In the delay width experiment, the proposed method consistently outperforms the baseline models (STGCN, GraphSAGE, GOGCN, and MSTAGCN) on layer I. It achieves a relative reduction in mean MSE of 5.35%, 43.49%, 30.79%, and 18.79%, respectively. Corresponding improvements are observed in mean RMSE (3.42%, 22.43%, 14.80%, 12.06%) and mean MAE (3.89%, 24.36%, 15.78%, 13.82%). Notably, the standard deviations of all three error metrics are also reduced, indicating enhanced prediction stability.

This performance advantage is further amplified on layer II and layer III. On these layers, the proposed method delivers more substantial gains across all error metrics against each baseline. Most notably, on layer III, the improvements are most pronounced, especially over the MSTAGCN baseline, where reductions exceed 61% in mean MSE, 65% in RMSE, and 70% in MAE. Critically, across all three operational layers and every baseline model, the proposed approach consistently achieves lower standard deviations, which underscores its superior accuracy and greater robustness in diverse operational scenarios.

The detailed prediction errors of the three layers in the delay strength prediction experiment are illustrated in

Table 5. Prediction errors of 3-layer delay strength (number of delay-propagating flights).

Methods		MSE	RMSE	MAE
STGCN	Layer I	2.849 ± 1.515	1.358 ±0.368	1.164 ± 0.302
	Layer II	1.460 ± 0.290	0.943 ±0.088	0.830 ± 0.053
	Layer III	0.147 ± 0.240	0.170 ± 0.189	0.134 ± 0.166
GraphSAGE	Layer I	3.694 ± 2.280	1.520 ± 0.456	1.299 ± 0.395
	Layer II	1.803 ± 0.407	1.021 ± 0.122	0.863 ± 0.117
	Layer III	0.177 ± 0.277	0.232 ± 0.169	0.192 ± 0.134
GOGOCN	Layer I	4.962 ± 4.737	1.720 ± 0.703	1.512 ± 0.617
	Layer II	1.786 ± 0.523	1.052 ± 0.157	0.935 ± 0.132
	Layer III	0.165 ± 0.258	0.227 ± 0.176	0.188 ± 0.150
MSTAGCN	Layer I	3.148 ± 1.806	1.448 ± 0.382	1.247 ± 0.310
	Layer II	1.538 ± 0.309	1.022 ± 0.090	0.912 ± 0.063
	Layer III	0.200 ± 0.242	0.356 ± 0.147	0.331 ± 0.126
Proposed	Layer I	2.892 ± 1.612	1.372 ± 0.372	1.172 ± 0.306
	Layer II	1.453 ± 0.323	0.942 ± 0.088	0.817 ± 0.061
	Layer III	0.136 ± 0.229	0.174 ± 0.184	0.138 ± 0.155

.

On layer I, in terms of delay strength prediction, the proposed method outperforms GraphSAGE, GOGCN, and MSTAGCN across all three error metrics (MSE, RMSE, MAE), with improvements ranging from approximately 6% to 52%. However, it slightly underperforms the STGCN baseline by a marginal 0.69% to 1.51% on this layer. Notably, the standard deviations for all metrics are reduced, indicating improved stability.

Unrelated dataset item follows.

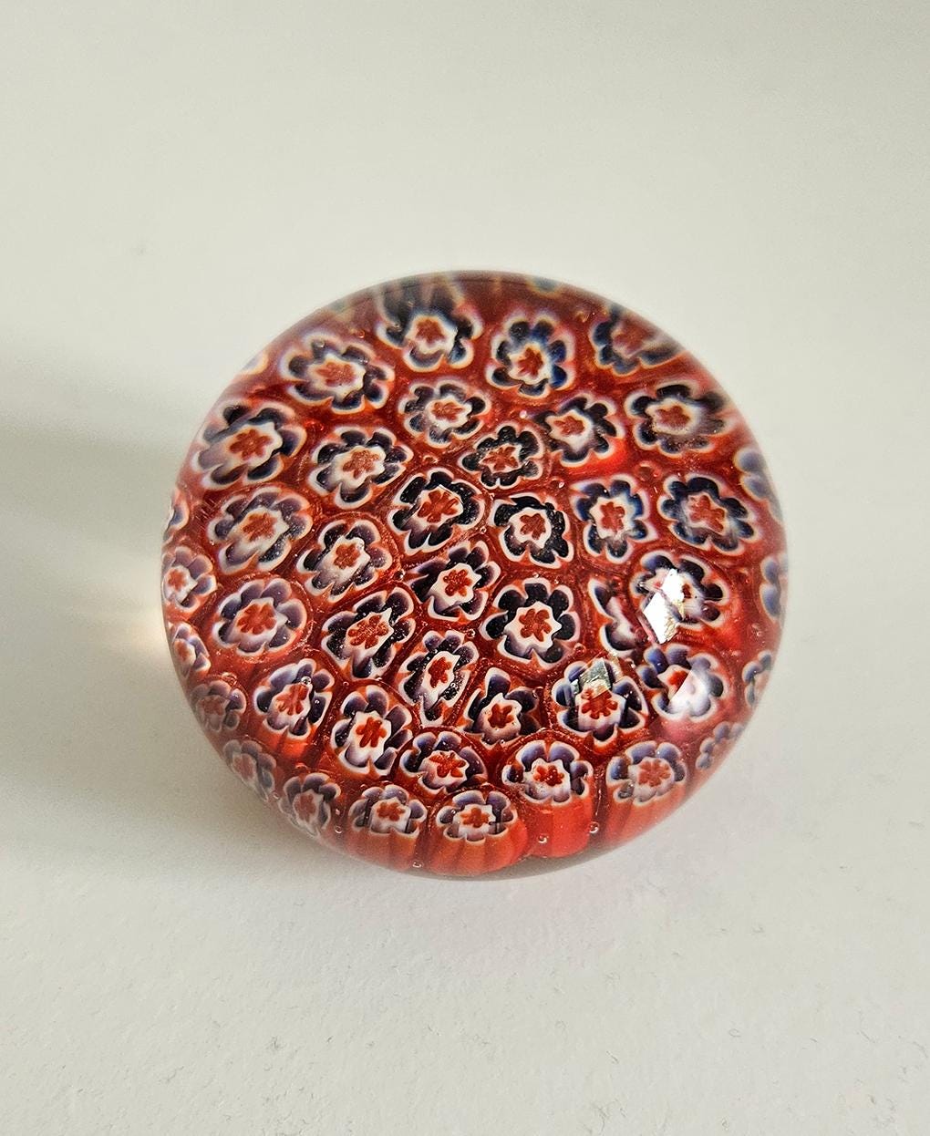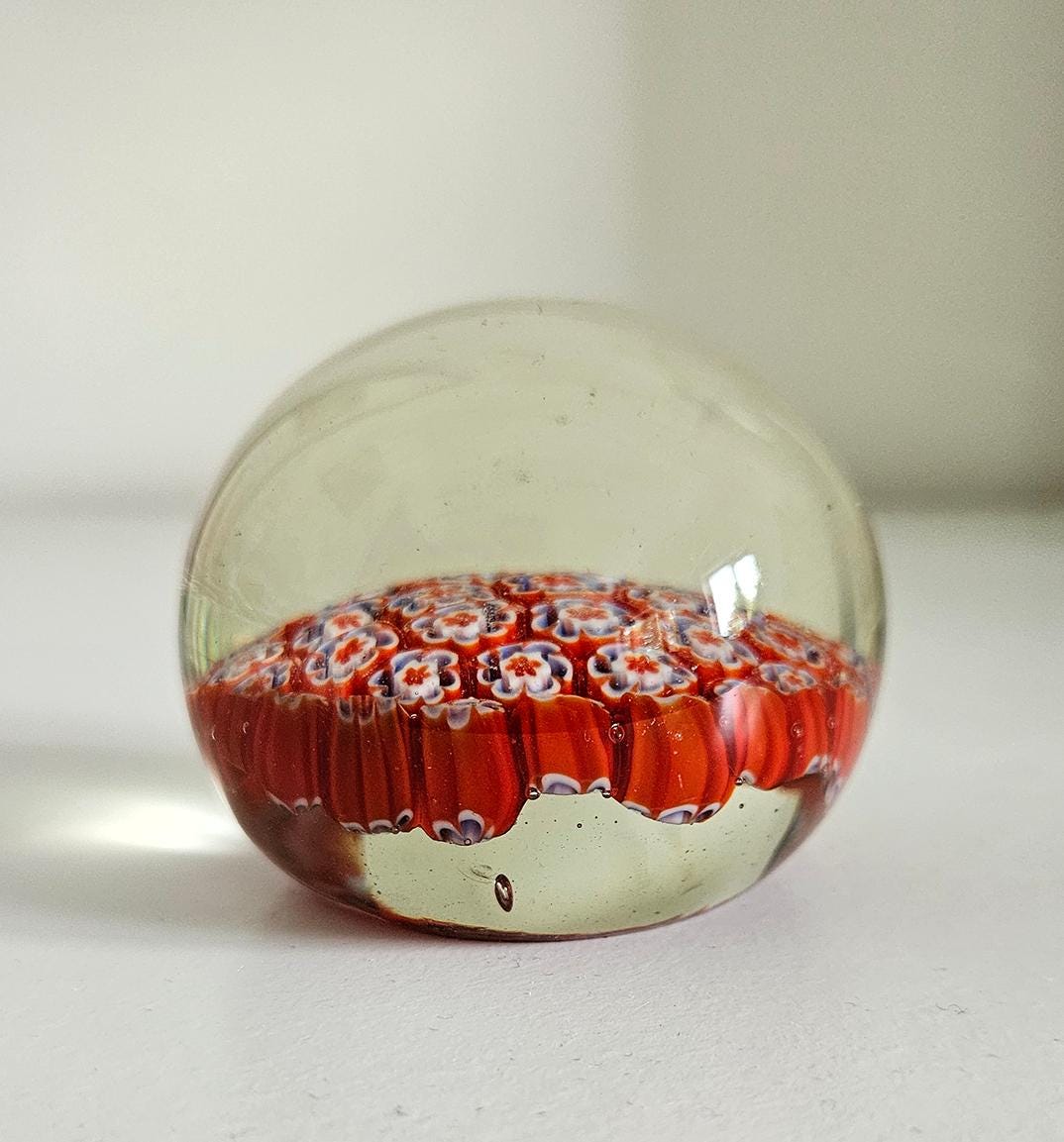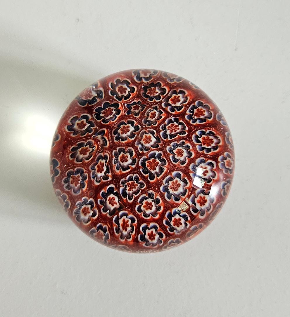 Add a touch of artistry to your space with this exquisite vintage millefiori art glass paperweight! Crafted with intricate detail, this paperweight features a mesmerizing array of flowers, each meticulously arranged in a beautiful pattern. Perfect for collectors or as a decorative accent on any desk or shelf.

This performance profile shifts markedly on layer II and layer III. The proposed method demonstrates broader and more substantial advantages. On layer II, it surpasses all four baseline models—including STGCN—in reducing MSE, RMSE, and MAE, with gains of up to 19.41% in MSE. On layer III, the superiority becomes unequivocal in most comparisons: it substantially outperforms GraphSAGE, GOGCN, and MSTAGCN, achieving reductions exceeding 23% in MSE and, in some cases, over 58% in MAE. Although it remains marginally behind STGCN (by 2.35% to 2.99%) on some layer III metrics, its performance against other baselines is dominant. Critically, across all layers and comparisons, the proposed method consistently achieves lower standard deviations, underscoring its robust and stable predictive capability for delay strength.

While all models exhibit lower errors on layer III—owing to its composition of smaller airports with simpler, lower air traffic flow—this result does not translate to effective network-wide prediction. The practical challenge lies in the core layers (I and II), which contain far fewer airports yet handle the majority of traffic and are responsible for most delay generation and propagation. Consequently, high accuracy on these two core layers is essential for meaningful system-level performance.

Figure 5 presents the layered MSE improvements of the proposed method over the four baseline models in both delay width and delay strength experiments.

The results further reveal that performance on layer III contributes minimally to the aggregate improvement, whereas the prediction accuracy on layer I and layer II closely mirrors the global trend and constitutes the primary driver of overall gains.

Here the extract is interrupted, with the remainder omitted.